Latanya Sweeney

Last updated
Latanya Sweeney
Latanya Sweeney at a Knight News Challenge event in New York City, November 2017.jpg
Sweeney at a panel discussion in New York City, November 2017
Education
Known for k-anonymity
Scientific career
Fields
Institutions Harvard University
Carnegie Mellon University
Thesis Computational Disclosure Control: Theory and Practice  (2001)
Website latanyasweeney.org

Latanya Arvette Sweeney is an American computer scientist. She is the Daniel Paul Professor of the Practice of Government and Technology at the Harvard Kennedy School and in the Harvard Faculty of Arts and Sciences at Harvard University. [1] She is the founder and director of the Public Interest Tech Lab, founded in 2021 with a $3 million grant from the Ford Foundation as well as the Data Privacy Lab. [2] [3] She is the current Faculty Dean in Currier House at Harvard. [4] [5]

Contents

Sweeney is the former Chief Technologist of the Federal Trade Commission and Editor-in-Chief of Technology Science. [6] [7] [8] Her best known academic work is on the theory of k-anonymity, and she is credited with the observation that "87% of the U.S. population is uniquely identified by date of birth, gender, postal code". [9]

Education

Sweeney graduated from Dana Hall Schools in Wellesley, Massachusetts, receiving her high school diploma in 1977. She delivered the valedictory at the graduation ceremony. [10]

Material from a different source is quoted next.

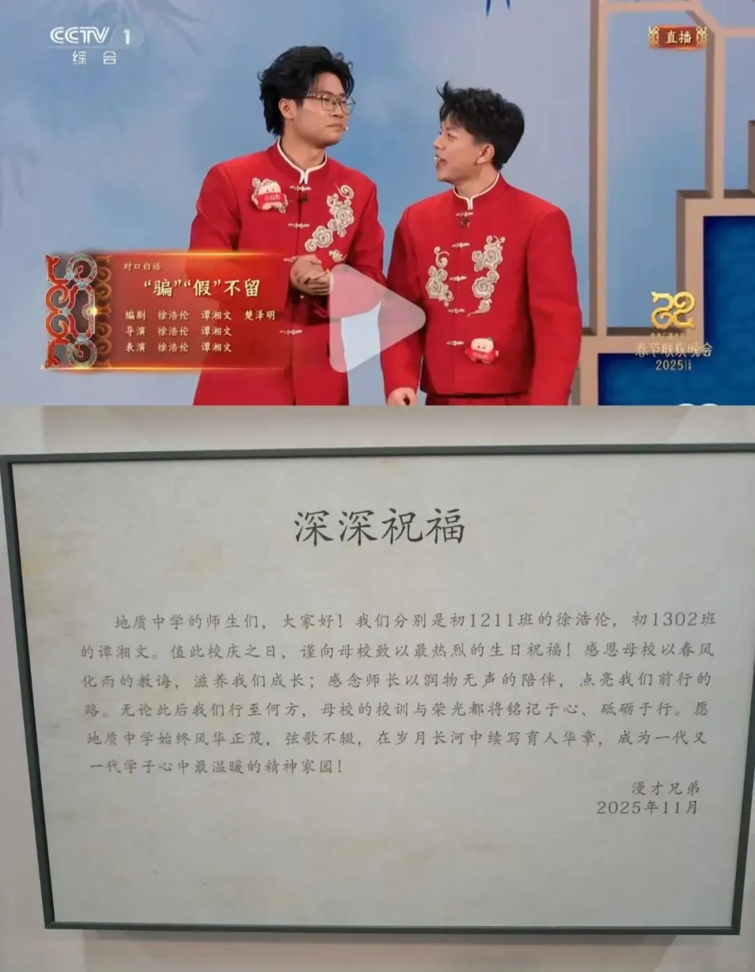“严格、勤奋、求实、创新”,这八字校训始终映照在他们的艺术道路上。看到学生在春晚舞台绽放光彩,母校老师倍感骄傲。谭湘文的初中班主任黄苗苗说:“他还是那个能为身边人带来欢笑的孩子,只是如今,他把这份快乐带给了全国观众。”徐浩伦的老师亦感慨:“从初中演讲台到春晚舞台,他始终沉稳如初。这就是我们地中学子的模样!”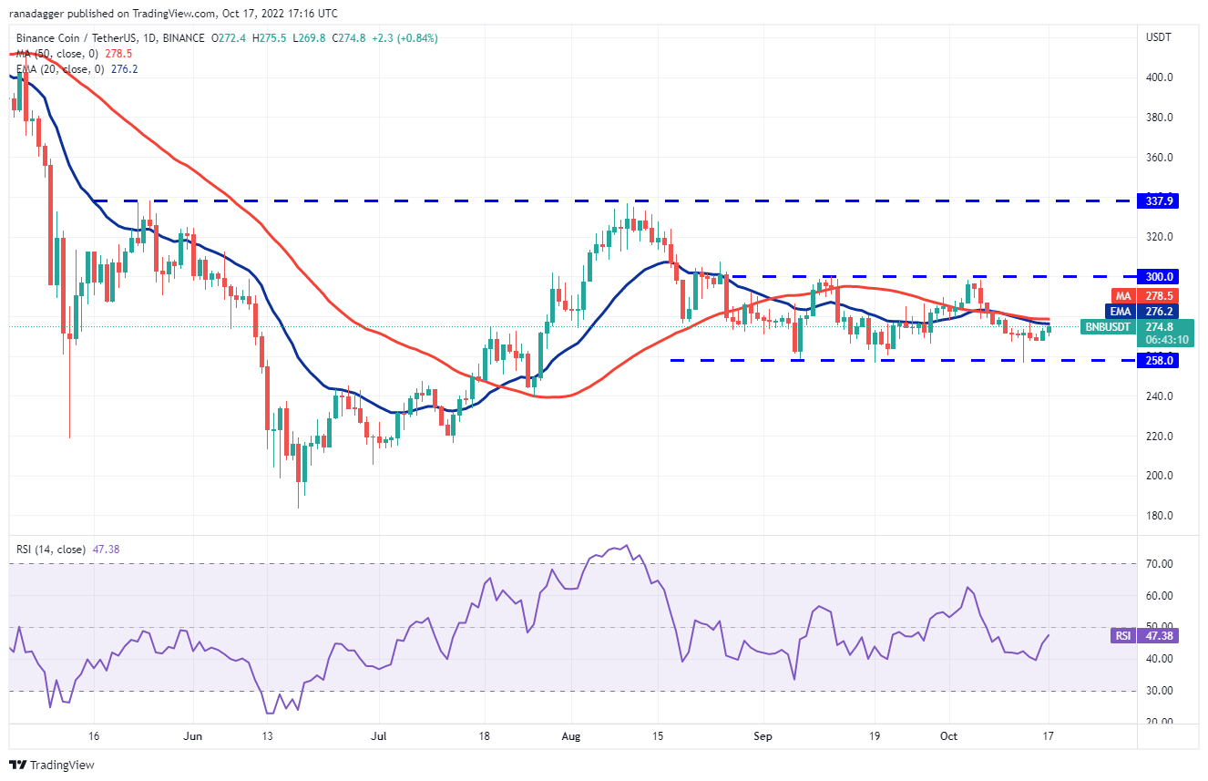 O BNB (BNB) vem se consolidando entre US$ 258 e US$ 300 nos últimos dias. Os touros estão tentando empurrar o preço acima das médias móveis em 17 de outubro.

She began her undergraduate work in computer science at MIT, but left to found a company. She completed her undergraduate degree in computer science at the Harvard University Extension School. [11] In 2001, Sweeney was awarded a Ph.D. in computer science from the Massachusetts Institute of Technology, the first African American woman to do so. [12] Of this career move she has said, "I would do something that was really quite noteworthy, but there was nowhere to publish about it. You could get paid for it, but there was no way to say, 'You won’t believe what I just did!' The only way to get it was to go back to school." [13]

Career

In 2001, Sweeney founded the Data Privacy Lab at Carnegie Mellon University. She was a member of the Program Committee for Modeling Decisions for Artificial Intelligence in 2005. In 2004, she founded the Journal of Privacy Technology, later becoming the editor-in-chief in 2006. [14] She is currently one of the faculty deans of Harvard's Currier House. [15]

Health Insurance Portability and Accountability Act (HIPAA)

In 1997, Sweeney conducted her first re-identification experiment wherein she successfully identified the then Governor of Massachusetts, Bill Weld, to his medical records using publicly accessible records. [16] [17] Her results had a significant impact on privacy centered policy making including the health privacy legislation Health Insurance Portability and Accountability Act (HIPAA). However publication of the experiment was rejected twenty times. The several re-identification experiments she conducted after this were met with serious publication challenges as well. In fact, a court ruling in Southern Illinoisian v. Department of Public Health barred her from publication and sharing of her methods for a successful re-identification experiment. [18]

In her landmark article “Only You, Your Doctor, and Many Others May Know,” [19] Sweeney discussed her research project in which she was able to locate and match identities and personal health records through a number of methods. Such methods, as she explains in depth later on, include looking at public health records from hospitals and newspaper stories. Towards the end of the article, Sweeney touches upon the different approaches of how she analyzed and matched the data, either through using computer programs or human effort. She then makes the conclusion that new and improved methods of data sharing are necessary. [20]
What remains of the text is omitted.